● **Your goal**
The line with "Mexen Lunar-B Duo, výklopný" marks the first line to copy, and the line with "La grabación de" marks the last. Transcribe that stretch of the data below exactly, without pictures.

● **Exercise input**
◇ ◇ ◇ ◇ ◇ ◇ ◇

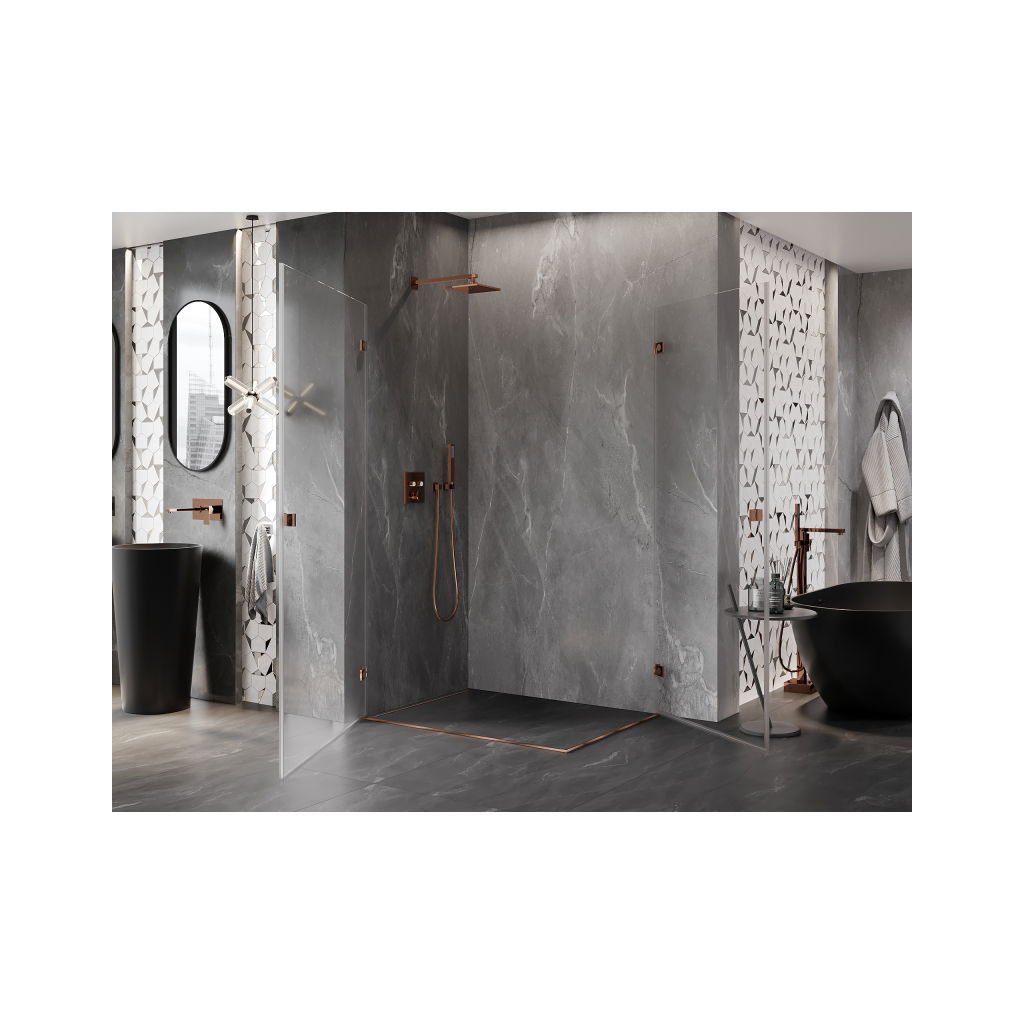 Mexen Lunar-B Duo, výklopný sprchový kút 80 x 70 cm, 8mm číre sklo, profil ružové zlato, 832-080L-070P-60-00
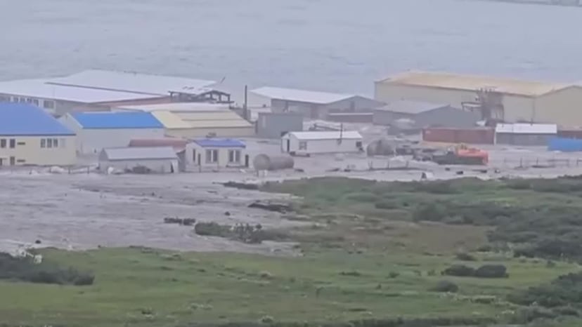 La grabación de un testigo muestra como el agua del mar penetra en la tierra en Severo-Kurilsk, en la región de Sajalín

◇ ◇ ◇ ◇ ◇ ◇ ◇

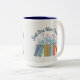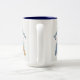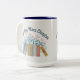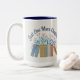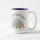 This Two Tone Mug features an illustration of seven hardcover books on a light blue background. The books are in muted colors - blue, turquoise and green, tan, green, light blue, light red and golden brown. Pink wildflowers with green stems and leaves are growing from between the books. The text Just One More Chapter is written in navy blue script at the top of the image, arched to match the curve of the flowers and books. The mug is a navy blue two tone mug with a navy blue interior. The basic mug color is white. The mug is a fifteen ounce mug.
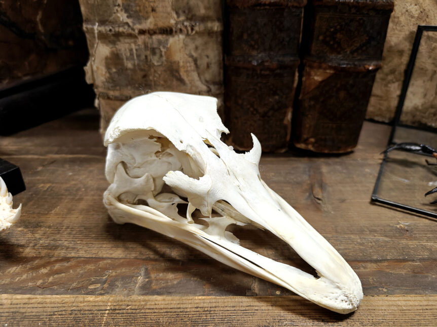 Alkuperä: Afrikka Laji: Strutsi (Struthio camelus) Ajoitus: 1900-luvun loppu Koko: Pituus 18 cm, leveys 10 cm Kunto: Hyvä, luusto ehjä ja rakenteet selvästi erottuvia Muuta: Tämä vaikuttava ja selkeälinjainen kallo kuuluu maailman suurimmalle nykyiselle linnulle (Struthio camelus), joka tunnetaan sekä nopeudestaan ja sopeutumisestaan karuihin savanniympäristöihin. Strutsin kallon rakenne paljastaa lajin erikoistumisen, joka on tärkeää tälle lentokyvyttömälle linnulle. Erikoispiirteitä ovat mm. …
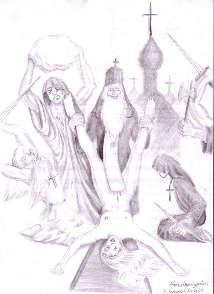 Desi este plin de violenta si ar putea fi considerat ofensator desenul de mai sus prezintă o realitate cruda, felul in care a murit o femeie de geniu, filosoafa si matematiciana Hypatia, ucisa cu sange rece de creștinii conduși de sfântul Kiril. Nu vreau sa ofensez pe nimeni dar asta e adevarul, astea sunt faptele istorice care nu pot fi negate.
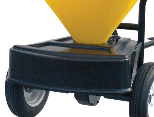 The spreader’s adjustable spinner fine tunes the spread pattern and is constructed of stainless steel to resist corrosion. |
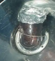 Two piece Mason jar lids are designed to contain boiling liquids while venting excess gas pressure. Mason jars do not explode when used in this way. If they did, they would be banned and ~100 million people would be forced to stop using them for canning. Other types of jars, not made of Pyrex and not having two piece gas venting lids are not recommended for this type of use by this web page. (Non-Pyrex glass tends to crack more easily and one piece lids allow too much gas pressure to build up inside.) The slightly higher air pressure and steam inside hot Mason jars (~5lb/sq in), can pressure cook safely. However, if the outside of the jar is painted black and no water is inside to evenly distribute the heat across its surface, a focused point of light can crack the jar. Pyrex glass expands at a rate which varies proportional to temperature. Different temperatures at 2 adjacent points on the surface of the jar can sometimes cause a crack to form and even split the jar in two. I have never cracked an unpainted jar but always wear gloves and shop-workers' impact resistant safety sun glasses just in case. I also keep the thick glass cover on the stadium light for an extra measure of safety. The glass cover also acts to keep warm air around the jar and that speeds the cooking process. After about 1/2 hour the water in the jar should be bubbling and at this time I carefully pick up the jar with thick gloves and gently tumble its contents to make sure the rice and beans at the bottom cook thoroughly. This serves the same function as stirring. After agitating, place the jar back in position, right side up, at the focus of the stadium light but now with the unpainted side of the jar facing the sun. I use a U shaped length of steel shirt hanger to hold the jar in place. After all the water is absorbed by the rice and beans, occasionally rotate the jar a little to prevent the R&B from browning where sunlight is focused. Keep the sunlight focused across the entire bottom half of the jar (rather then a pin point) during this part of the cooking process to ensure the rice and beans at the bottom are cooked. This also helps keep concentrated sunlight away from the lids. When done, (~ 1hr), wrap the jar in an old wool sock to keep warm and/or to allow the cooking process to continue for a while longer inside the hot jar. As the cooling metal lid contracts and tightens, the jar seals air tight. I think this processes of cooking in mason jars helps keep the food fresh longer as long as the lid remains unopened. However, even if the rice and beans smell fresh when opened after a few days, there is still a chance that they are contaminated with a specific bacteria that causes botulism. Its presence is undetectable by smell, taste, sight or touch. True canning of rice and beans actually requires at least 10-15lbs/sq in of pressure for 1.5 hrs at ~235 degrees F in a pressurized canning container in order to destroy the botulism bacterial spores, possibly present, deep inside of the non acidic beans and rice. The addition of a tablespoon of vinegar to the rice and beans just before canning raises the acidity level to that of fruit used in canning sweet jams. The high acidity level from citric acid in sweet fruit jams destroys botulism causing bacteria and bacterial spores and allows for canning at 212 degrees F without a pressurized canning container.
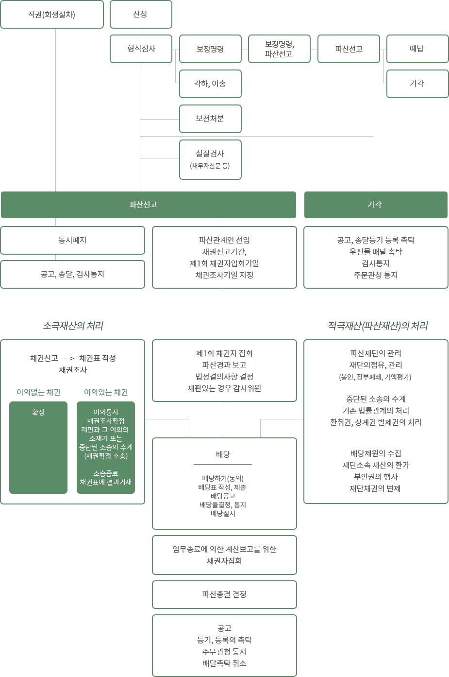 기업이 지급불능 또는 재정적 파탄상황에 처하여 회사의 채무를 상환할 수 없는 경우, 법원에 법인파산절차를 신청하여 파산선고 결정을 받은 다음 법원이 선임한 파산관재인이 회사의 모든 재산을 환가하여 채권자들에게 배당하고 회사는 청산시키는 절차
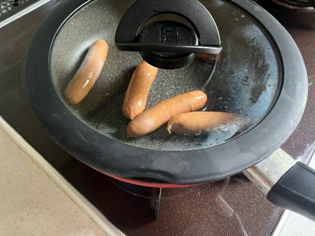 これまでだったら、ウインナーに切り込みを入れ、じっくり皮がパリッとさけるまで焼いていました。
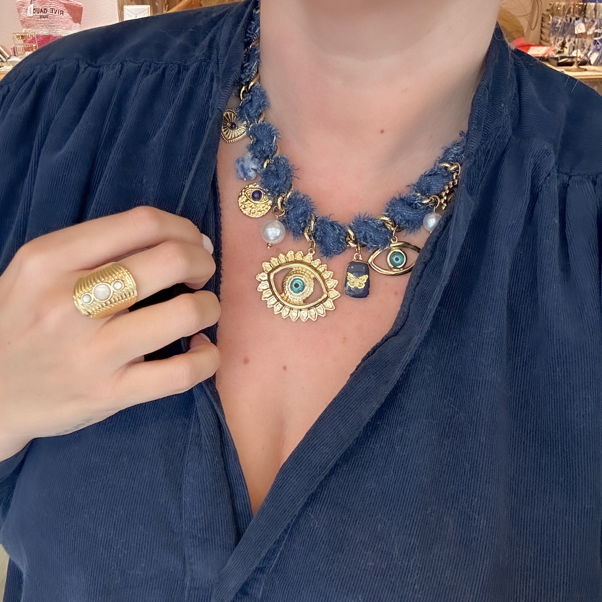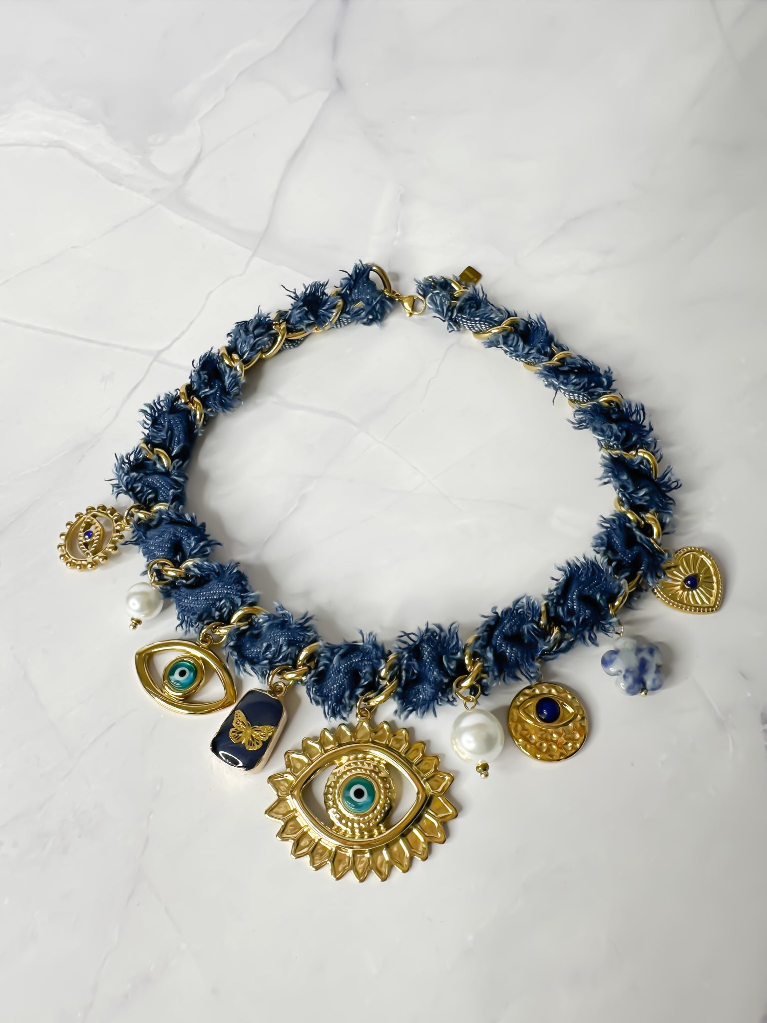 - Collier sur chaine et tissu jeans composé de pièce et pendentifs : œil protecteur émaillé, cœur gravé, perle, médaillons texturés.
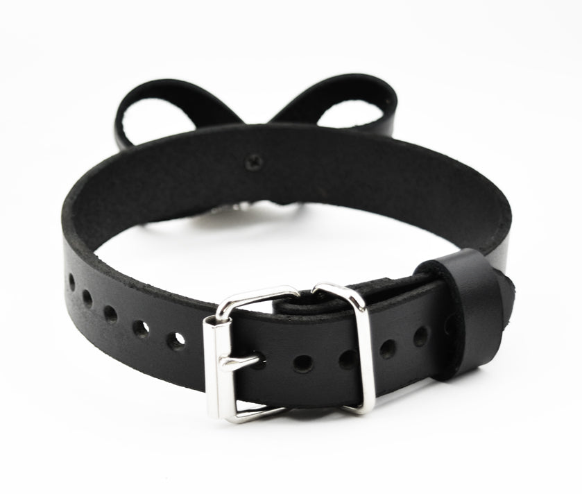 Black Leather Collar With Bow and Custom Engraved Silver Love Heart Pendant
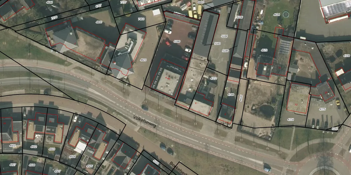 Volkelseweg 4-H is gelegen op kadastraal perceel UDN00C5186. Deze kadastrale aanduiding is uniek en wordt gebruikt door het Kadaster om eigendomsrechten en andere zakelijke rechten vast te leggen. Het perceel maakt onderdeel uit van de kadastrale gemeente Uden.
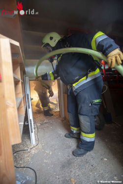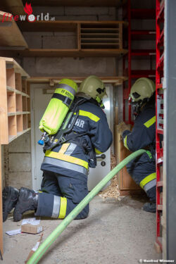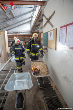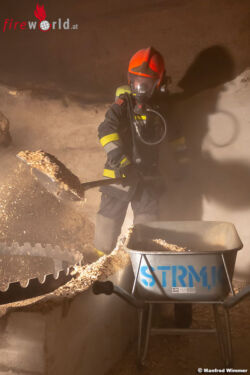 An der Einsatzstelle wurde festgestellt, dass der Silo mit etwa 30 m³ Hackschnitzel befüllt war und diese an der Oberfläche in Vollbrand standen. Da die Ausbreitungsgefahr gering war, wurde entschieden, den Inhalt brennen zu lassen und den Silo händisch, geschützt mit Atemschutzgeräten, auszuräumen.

◇ ◇ ◇ ◇ ◇ ◇ ◇

● **Task answer**
 Mexen Lunar-B Duo, výklopný sprchový kút 80 x 70 cm, 8mm číre sklo, profil ružové zlato, 832-080L-070P-60-00
 La grabación de un testigo muestra como el agua del mar penetra en la tierra en Severo-Kurilsk, en la región de Sajalín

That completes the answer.